This book is absolutely perfect for people who loved fairy tales as kids and now hate them for their lack of realism.
Plot: Pedro grew up in the Canary Islands, abandoned by his birth parents and reviled by most of the population as a result of having hypertrichosis, a condition by where hair grows constantly across his entire body and face. Colonialism being what it was, Pedro was then abducted as a child and brought to the Kind of France as a fun gift – a sort of “look as this weird thing I found?! Isn’t it WILD?!” And the King absolutely loses it and has Pedro set up in his household, giving him the same education and resources he gives his own kids, in exchange for having to perform Tamed Savage for the joy of the aristocratic masses. The Queen too is enamored, and like any good royal, she’s never found a pleasure she didn’t want more of. This is where Catherine, an impoverished beauty in need of a dowry to save her family comes in, and the two are wed, to make more hairy babies for the queen to display. Shenanigans ensue.

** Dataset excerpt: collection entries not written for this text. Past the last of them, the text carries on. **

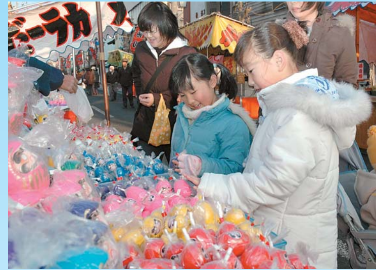
毎年、大勢の人でにぎわう「だるま市」 最近では、華やかな「カラーだるま」も登場
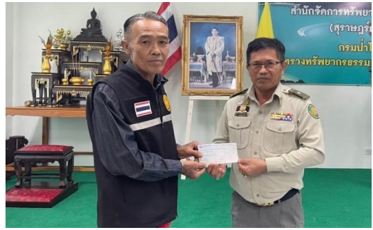
ป่าชุมชนบ้านนางแก้ว หมู่ที่ ๕ ตำบลบ้านยาง อำเภอคีรีรัฐนิคม จังหวัดสุราษฎร์ธานี รับเช็คเงินอุดหนุน ณ สำนักจัดการทรัพยากรป่าไม้ที่ ๑๑ (สุราษฎร์ธานี) วันที่ ๑๓ มีนาคม ๒๕๖๗
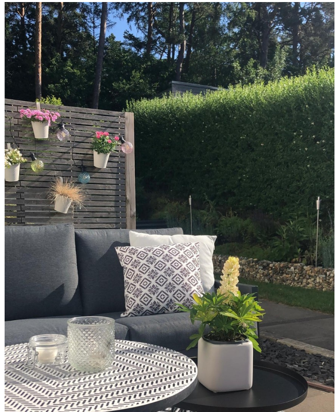
Seitliche Terrasse (Küche)
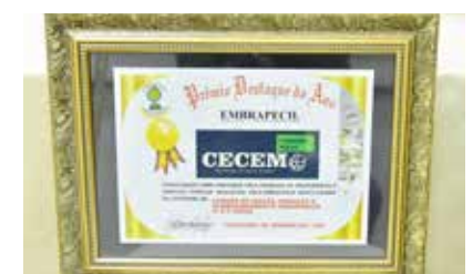
CECEM - ESCOLA DE LÍNGUAS, REDAÇÃO E ACOMPANHAMENTO PEDAGÓGICO Rua Pres. Antônio Carlos, 48 / 3281-6859
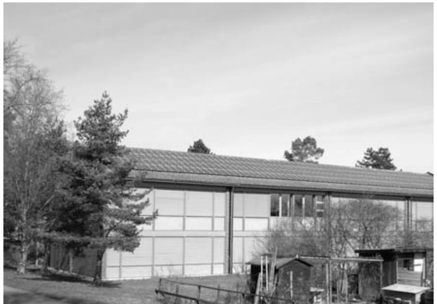
Der Stadtrat hat die Absicht, einen Erweiterungsbau auf der architektonischen Basis des Neubaus von 1985 zu erstellen.

Vor diesem Hintergrund erstellte das Schulreferat in einem ersten Schritt eine Bestandsaufnahme der vorhandenen Schulräumlichkeiten und leitete daraus den künftigen Bedarf ab. In die Überlegungen einbezogen wurde die Einrichtung von Räumlichkeiten für Gruppenarbeiten, für verschiedene Formen von Einzelunterricht, für Medien und nicht zuletzt für die Tagesbetreuung. Mit den Erhebungen des Schulreferates klärte das Baureferat für jede Schulanlage die Machbarkeit der vorgesehenen baulichen Massnahmen ab und ermittelte die daraus resultierenden Kosten.
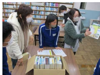
ボランティアとの新刊本の受入れ作業

自己紹介を行うとともに、お互いがどのような活動をしているか発表し合うことで、理解を深めた。和やかな雰囲気の中で、今後やってみたいことを挙げたり、新刊本の受入れ作業を一緒に行ったりすることができた。
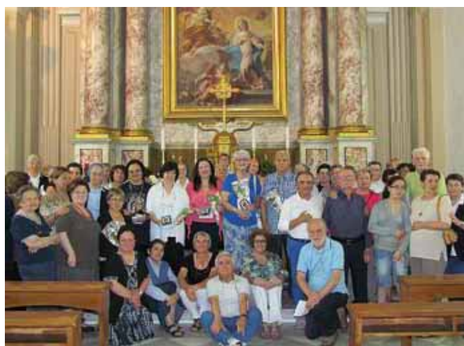
21-23 giugno 2013, Todi (PG), chiesa della SS.ma Annunziata: i partecipanti al XIII incontro nazionale dell'Associazione «B. V. Addolorata» posano davanti all'immagine della Vergine
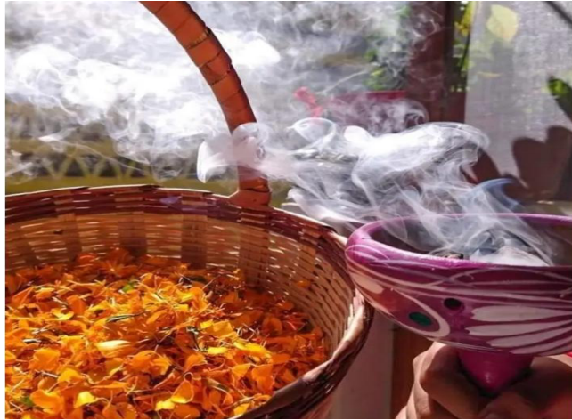
Imagen 32. Pétalos de cempasúchil e incienso

A las 8 de la mañana se comienza a hacer un caminito de pétalos de flor de cempasúchil, de la carretera hasta el altar de la casa. Se realiza con una vela e incienso en un copalero. Esto lo suelen hacer los niños de la casa según, sea el caso.

Does this sound like Beauty and the Beast yet? Are you thinking that perhaps, this is a more realistic take on the Beauty and the Beast tale? It isn’t. Greeley tells us in the author’s note that in fact this story may well have been what inspired the fairy tale to begin with. This story is a fictional take on the real story of Pedro Gonzales and Catherine Raffelin, who were pawns of the French court and then other European aristocrats throughout their lives.

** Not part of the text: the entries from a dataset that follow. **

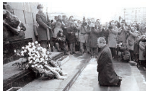
▲西德總理勃蘭特1970年訪問波蘭時向猶太人紀念碑下跪

勃蘭特在管理西德期間，一直積極倡導民眾「正視歷史」，並開始保護集中營等納粹遺址，營建博物館，組織紀念活動。德國也因此樹立起反思歷史，勇於贖罪的形象。
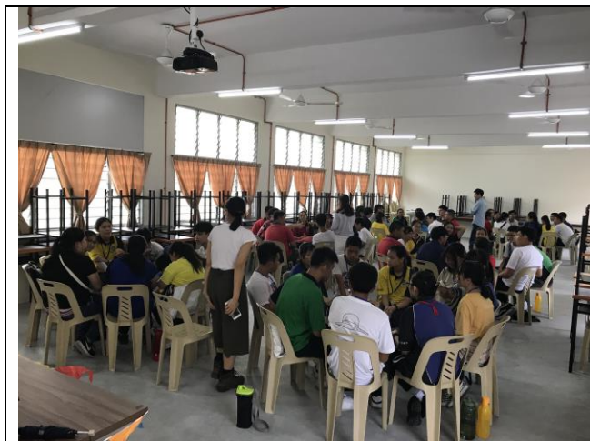
兩校青年分組進行夢想深度交流
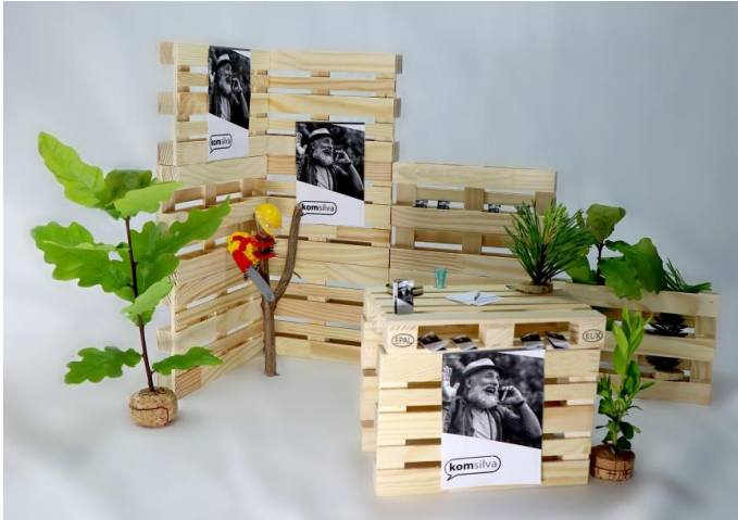
Variante 4 Frontansicht

Though it does follow the tropes of a romance – they do of course fall in love and do find moments of happiness, I would not consider this A Romance. There is no HEA here, and the moments of joy the characters experienced seem like tiny glimmers interspersed with much longer phases of terrible, awful things happening to them that they mostly have no control over. This is what I think people who hate Romance novels would actually really love about this book. There is no happy ending, there is only love and pain and happiness and sorrow and generally more of the bad stuff than the good. It’s about people trying really hard to make the best of their truly garbage circumstances, but who may have had a real shot at a happy life if they didn’t live it like cowards.

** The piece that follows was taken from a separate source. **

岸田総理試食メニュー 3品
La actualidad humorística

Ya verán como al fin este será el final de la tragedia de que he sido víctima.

And that’s sort of where I land on the story. These two people are ones that have been, before they ever met, completely crushed by the world, and being together does not give them any of the things love is supposed to – courage, curiosity, strength. They just continue being crushed for the remainder of their lives, but now they have someone, literally just some random person, to hold onto. They don’t grow or develop depth. And they’re the only ones we spend any time with, so it’s not like you can say “well the characterization is tepid and uninspired, but the plot is where the book shines” because there is none, really. A couple things happen to them (always to them) but this isn’t a plot book. I will say there are a lot of reviews on Goodreads that say that they never got a sense of the characters, and I can’t say I agree. I got a good enough sense of who they were despite not having pages and pages of introspection. Even where I strongly disagreed with their choices, I understood why they did what they did, which tells me that Greeley did enough for me to understand them. I think what those reviewers were actually picking up on was the problem I identify here – which is not that they are two dimensional, but rather that we expect characters to have agency, and these had none. They could have been replaced with lampshades and the story wouldn’t have changed.
Some books really just create a vibe, and this is one of them. If you’ve read and liked The Ten Thousand Doors of January by Alix E. Harrow you’ll probably like this one as well. Strongly suggest picking up the first few pages of the book – if you like the writing style, you’ll probably be all in notwithstanding its other deficiencies.
TW: marital rape, child abduction, child abandonment, child death, children being taken away from the parents, slavery, depression.